Bij Kabinetsmissive van 7 november 2013, no. 13.002291, heeft Uwe Majesteit, op voordracht van de Minister van Binnenlandse Zaken en Koninkrijksrelaties, bij de Afdeling advisering van de Raad van State ter overweging aanhangig gemaakt het voorstel van wet tot wijziging van de Kieswet en de wet van 3 juli 2013 tot wijziging van de Kieswet houdende maatregelen om het eenvoudiger te maken voor Nederlanders in het buitenland om hun stem uit te brengen, wijziging van de wijze van inlevering van de kandidatenlijsten, aanpassing van de datum van kandidaatstelling en stemming, alsmede regeling van andere onderwerpen (Stb. 2013, 289) houdende aanpassing van de regeling met betrekking tot het kiesrecht van niet-Nederlanders bij eilandsraadsverkiezingen, met memorie van toelichting.
In de wet van 3 juli 2013 tot wijziging van de Kieswet houdende maatregelen om het eenvoudiger te maken voor Nederlanders in het buitenland om hun stem uit te brengen, wijziging van de wijze van inlevering van de kandidatenlijsten, aanpassing van de datum van kandidaatstelling en stemming, alsmede regeling van andere onderwerpen (hierna: de wet) is onder meer geregeld dat niet-Nederlandse ingezetenen van de openbare lichamen Bonaire, Sint Eustatius en Saba het actief en passief kiesrecht krijgen voor de verkiezing van de leden van de eilandsraad. In het voorliggende voorstel wordt het toekennen van het passief kiesrecht voor niet-Nederlandse ingezetenen weer geschrapt. Daarnaast wordt geregeld dat het actief kiesrecht voor deze personen van rechtswege vervalt bij inwerkingtreding van het voorstel tot wijziging van de Grondwet strekkende tot het opnemen van een constitutionele basis voor de openbare lichamen Bonaire, Sint Eustatius en Saba en het regelen van de betrokkenheid van hun algemeen vertegenwoordigende organen bij de verkiezing van de leden van de Eerste Kamer.2
De Afdeling advisering van de Raad van State maakt naar aanleiding van het wetsvoorstel ten eerste opmerkingen over het niet toekennen van het passief kiesrecht.
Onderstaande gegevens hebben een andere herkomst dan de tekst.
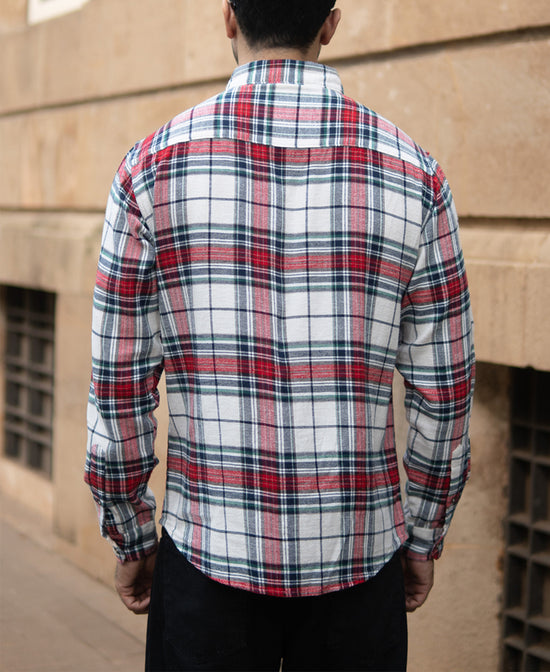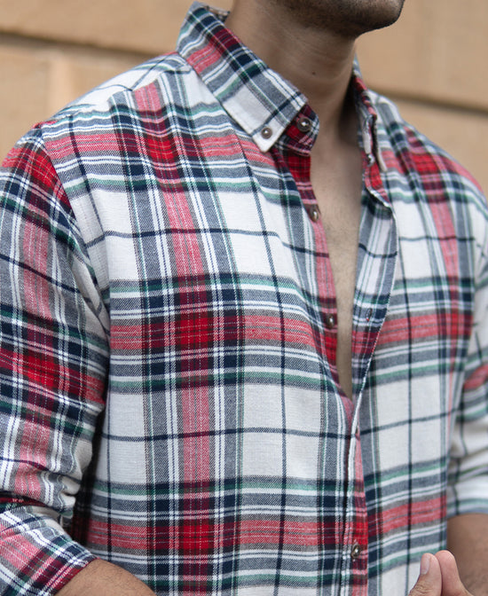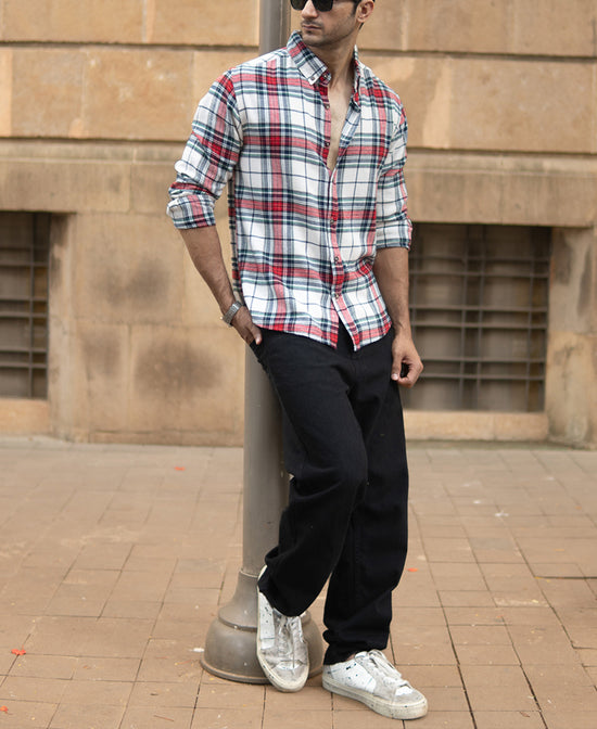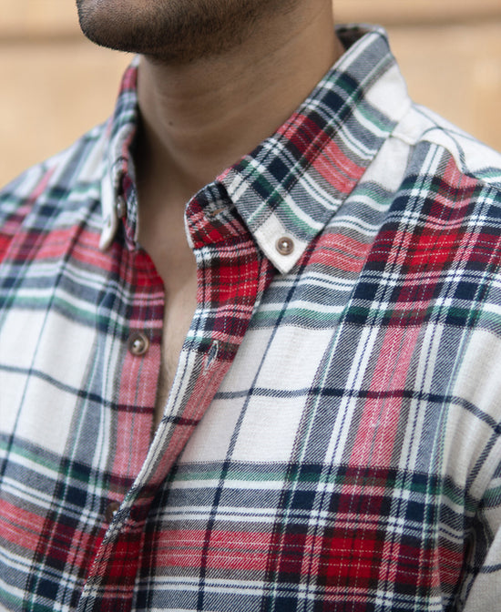 A fresh take on flannel. This shirt mixes red, white, and navy in a vibrant check pattern that pops without overpowering. Lightweight fabric makes it ideal for layering or wearing solo. Easygoing, yet sharp.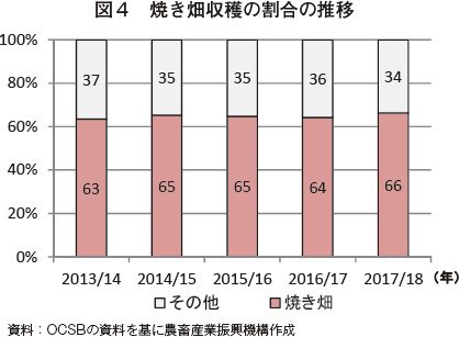 サトウキビの収穫方法は手刈りが主流で、ハーベスタの普及率は約3割にとどまっている。また、収穫作業の効率を上げるために、焼き畑(サトウキビの梢頭部や葉を燃やした後に収穫する方法)が一般的に行われており、製糖工場に搬入されるサトウキビの6割以上が焼き畑によって収穫されたサトウキビ(以下、「焼きキビ」という)とされている(図4、後述)。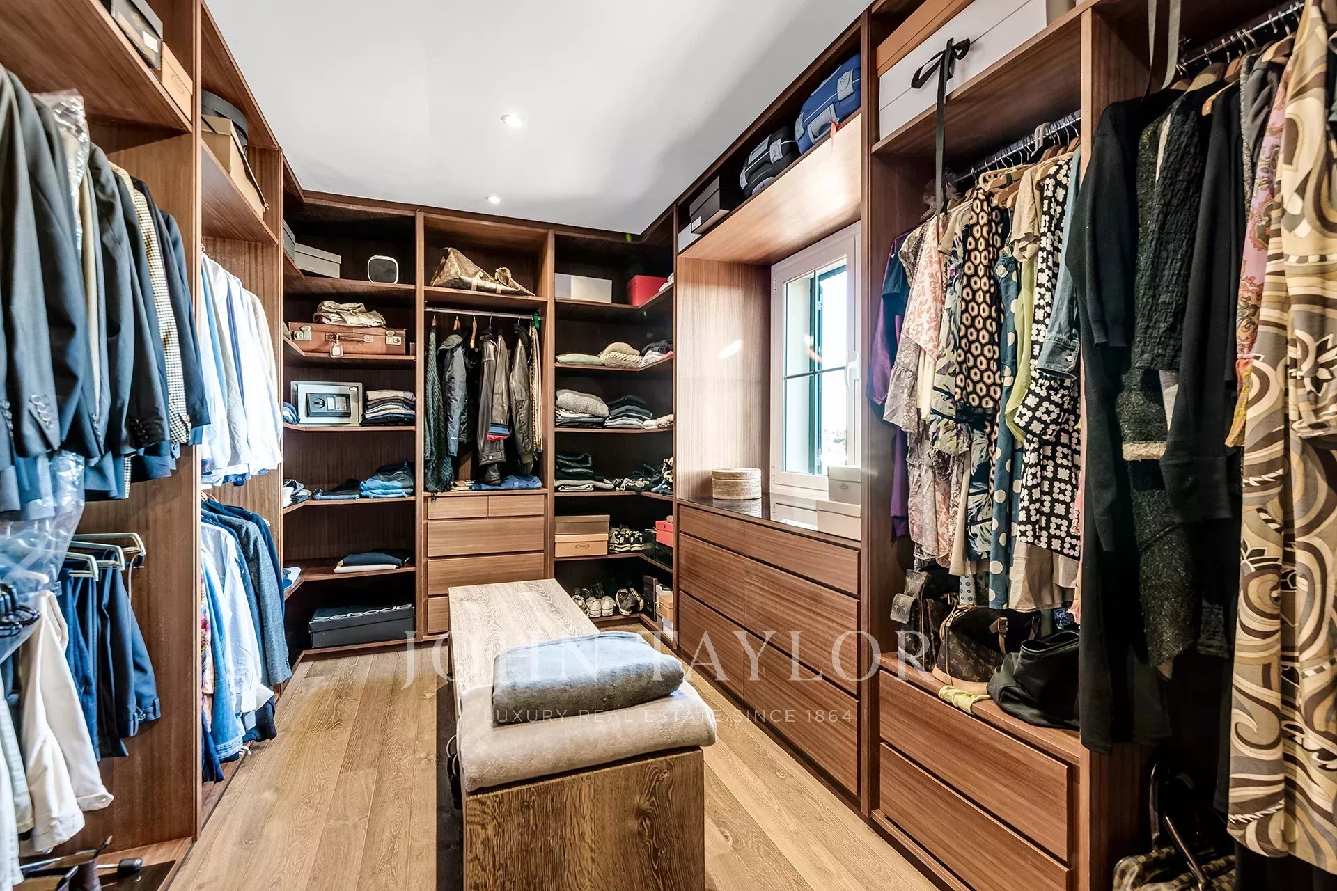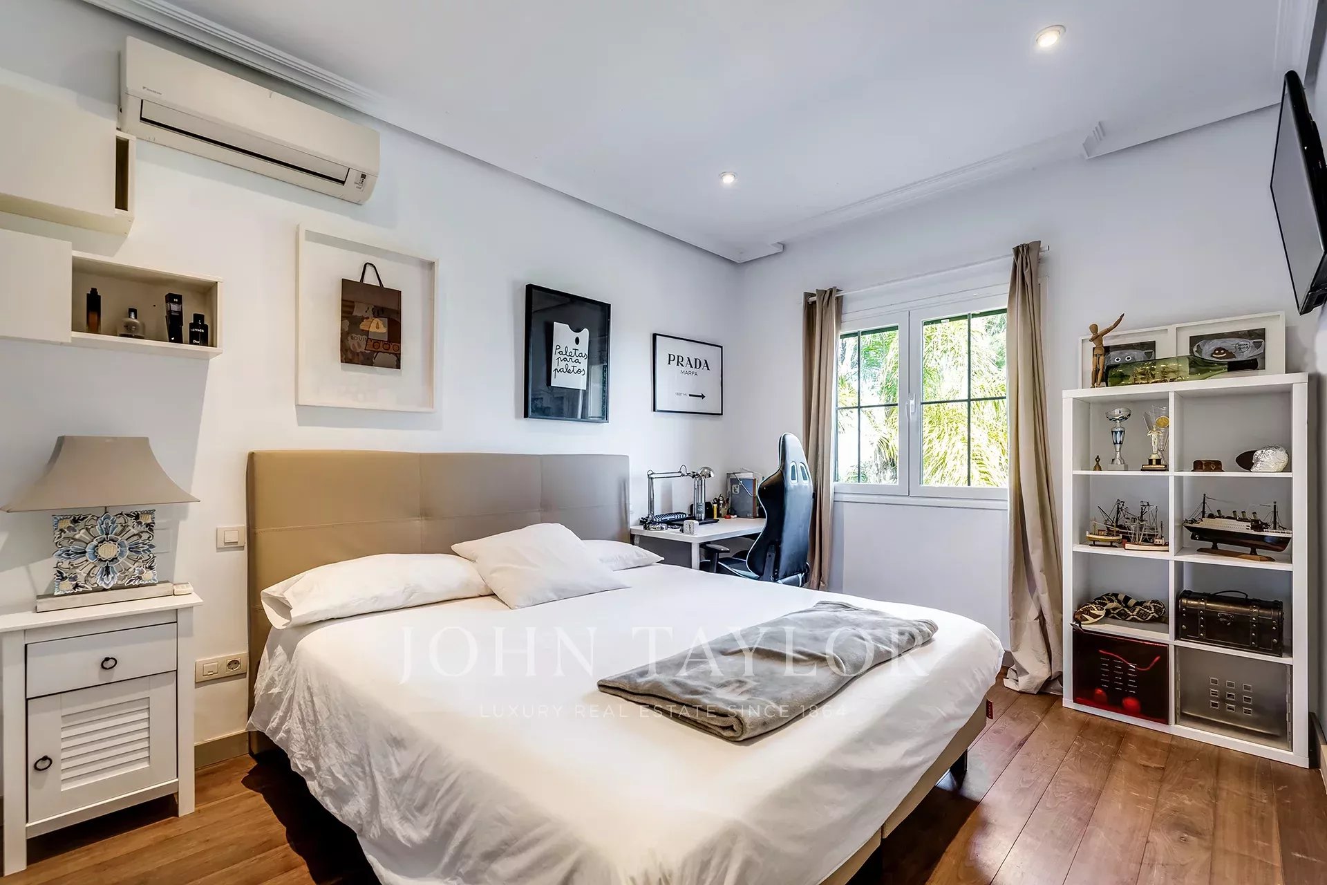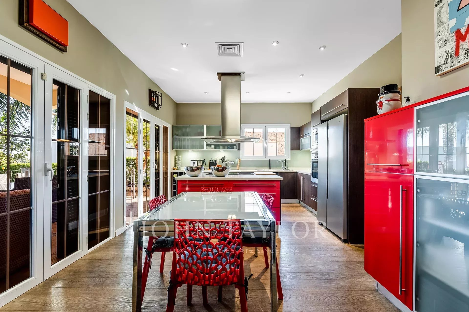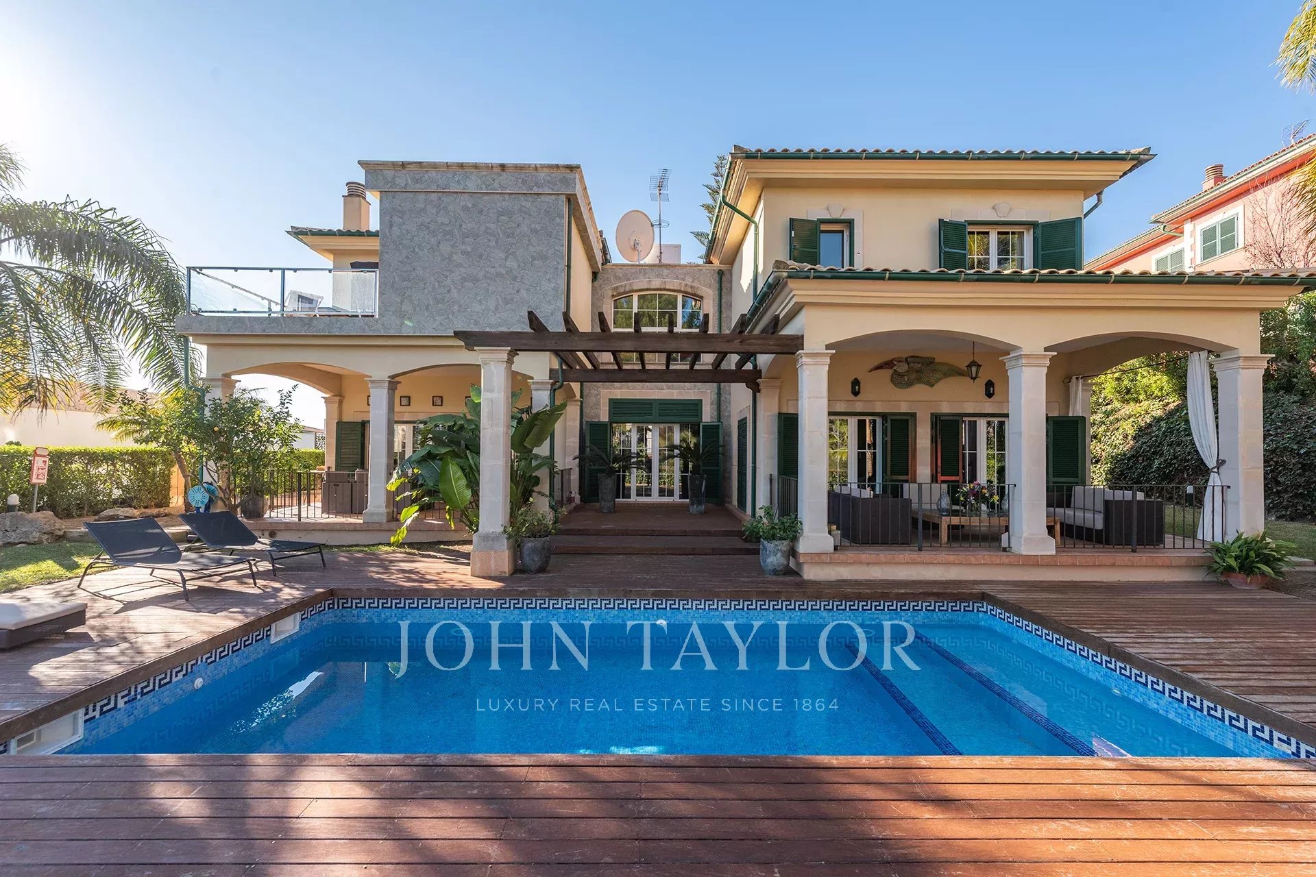 Útulná vila s dostatkem soukromí na klidném místě v Cala Vinyas. Tento nádherný rodinný dům se nachází v malé komunitě v pěší vzdálenosti od pláže. Dům je velmi prostorný a má 3 ložnice s vlastní koupelnou. K dispozici je také další místnost, která se nyní používá jako televizní místnost, ale mohla by být čtvrtou ložnicí. Přízemí domu nabízí prostorný obývací pokoj s jídelnou a krbem, krásnou vstupní halu s vysokými stropy, toaletu pro hosty, moderní kuchyň a technickou místnost. Z obývacího pokoje i kuchyně je přístup na několik teras a do velké zahrady s bazénem. Jak z přízemí, tak z prvního patra si můžete vychutnat částečný výhled na moře. Dřevěné podlahy a kvalitní truhlářské práce, garáž a 2 venkovní parkovací místa doplňují tuto krásnou vilu.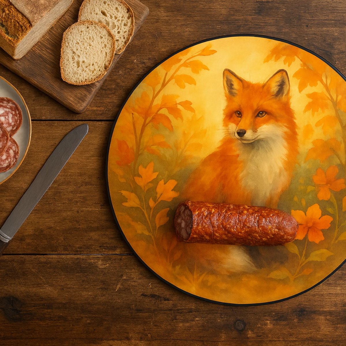 Planche à découper ronde en verre Renard automnal – 30 cm – CBKréation 🏷️ Fabricant : CBKréation 🧵 Matière : Verre 📏 Dimensions : 30 × 30 cm 🖨️ Impression : Réalisée en France 🎨 Couleur dominante : Tons automnaux, orange, brun et vert Cette planche à découper ronde en verre met en scène un élégant renard au cœur d’un décor automnal chaleureux, composé de feuillages et de couleurs douces. Symbole de nature et de liberté, le renard apporte une atmosphère accueillante et poétique à la cuisine. Fabriquée en verre résistant, elle offre une surface lisse, hygiénique et facile à nettoyer. Elle est idéale pour la découpe des aliments tout en protégeant efficacement le plan de travail. Résistante à la chaleur, elle peut également être utilisée comme sous-plat décoratif ou support de présentation pour fromages, gâteaux ou apéritifs. L’illustration est imprimée en France avec un soin particulier apporté aux détails et à la durabilité des couleurs. Cette création signée CBKréation allie fonctionnalité et esthétisme, et s’intègre parfaitement dans une cuisine au style naturel ou comme idée cadeau originale. Questions fréquentes • Peut-elle être utilisée comme sous-plat ? Oui, le verre résiste à la chaleur et convient parfaitement à cet usage. • Est-elle facile à entretenir ? Oui, un nettoyage à la main avec une éponge douce suffit. • Le motif est-il durable ? Oui, l’impression réalisée en France garantit un rendu de qualité et des couleurs durables. • Est-ce une bonne idée cadeau ? Oui, son univers automnal et naturel en fait un cadeau utile et décoratif. Mots-clés planche à découper verre, planche ronde cuisine, sous-plat en verre, renard décoratif, décoration cuisine nature, planche CBKréation, impression française, idée cadeau cuisine

Zij merkt op dat het niet toekennen van passief kiesrecht aan niet-Nederlandse ingezetenen voor de verkiezing van de eilandsraden leidt tot een onderscheid, nu niet-Nederlandse ingezetenen wel passief kiesrecht voor de – vergelijkbare – gemeenteraadsverkiezingen hebben. Zo’n onderscheid kan in strijd zijn met artikel 26 van het Internationaal Verdrag inzake burgerrechten en politieke rechten (IVBPR) en artikel 1, eerste lid, van het Twaalfde Protocol bij het Europees Verdrag tot bescherming van de rechten van de mens en fundamentele vrijheden, indien daarvoor geen rechtvaardiging bestaat. Ditzelfde juridisch kader lag ten grondslag aan de uitspraak in 2011 van het Gemeenschappelijk Hof van Justitie van Aruba, Curaçao, Sint Maarten en van Bonaire, Sint Eustatius en Saba, waarin geoordeeld werd dat het toekennen van (actief) kiesrecht voor de eilandsraadverkiezingen aan uitsluitend Nederlanders een ongerechtvaardigd onderscheid vormt.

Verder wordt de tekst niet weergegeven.